Stopwords are **common words** (e.g., *"the"*, *"is"*, *"and"*) that **do not carry significant meaning** and are often removed in text preprocessing for **Natural Language Processing (NLP)** tasks.

### Why Remove Stopwords?
- They appear frequently but contribute **little to meaning**.
- Removing them helps **reduce text size** and **improve model performance** in tasks like search, classification, and sentiment analysis.

### Example of Stopwords:
- **English:** *"the", "is", "in", "and", "a", "to", "of"*
- **Spanish:** *"el", "la", "y", "de", "en"*
- Different languages have different sets of stopwords.

In [None]:
from nltk.corpus import stopwords
nltk.download('stopwords')
stop_words = set(stopwords.words("english"))

In [None]:
# Import necessary libraries
import nltk
from nltk.tokenize import word_tokenize

# Function to remove stopwords
def remove_stopwords(doc):

# Apply stopword removal to each document
cleaned_documents = [remove_stopwords(doc) for doc in clean_documents]

In [None]:
# Stem documents
split_documents = [x.split(" ") for x in cleaned_documents]
stemmed_documents = [" ".join([stemmer.stem(word) for word in doc]) for doc in split_documents]

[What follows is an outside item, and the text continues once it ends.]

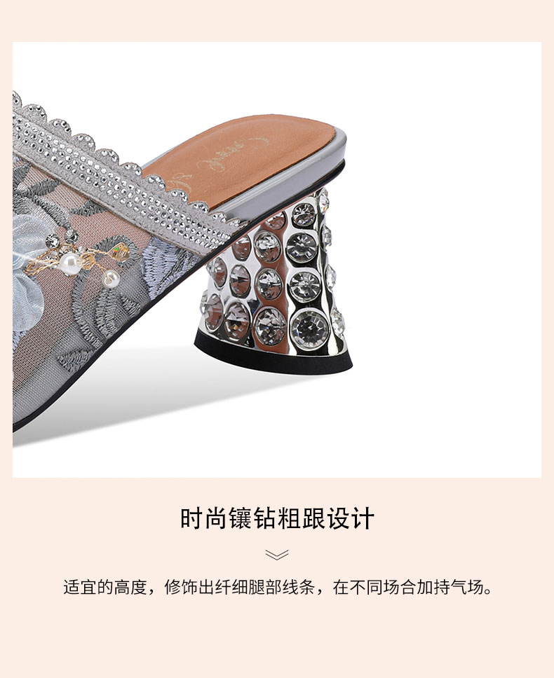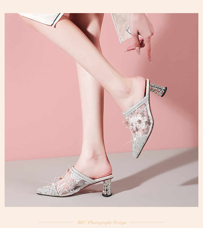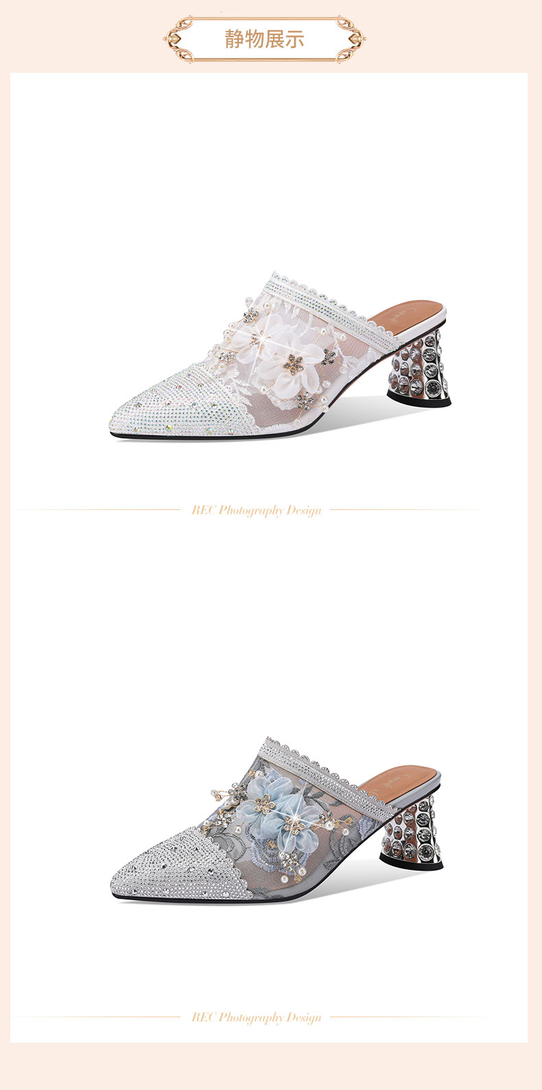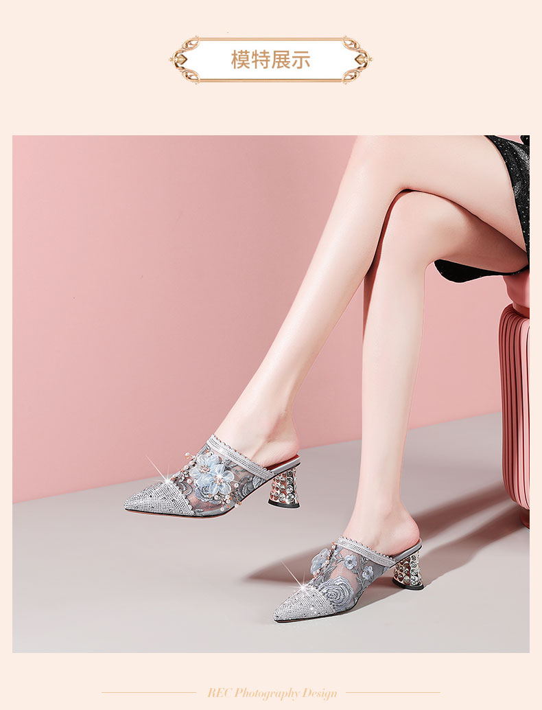 夏季新款,花朵网纱拼接尖头粗跟凉拖YSML-A079-128

# Show the cleaned documents
for i, doc in enumerate(stemmed_documents):
    print(f"Document {i+1}: {doc}")

In [None]:
# Create a TfidfVectorizer object
vectorizer = TfidfVectorizer()

# Fit and transform the documents
tfidf_matrix = vectorizer.fit_transform(stemmed_documents)

# Get the feature names (words)
feature_names = vectorizer.get_feature_names_out()

# Convert the result to a dense array (optional, but easier to read)
dense_matrix = tfidf_matrix.todense()

# Print the TF-IDF matrix with corresponding words
df = pd.DataFrame(dense_matrix, index=[f"doc{x+1}" for x in range(len(stemmed_documents))], columns=feature_names)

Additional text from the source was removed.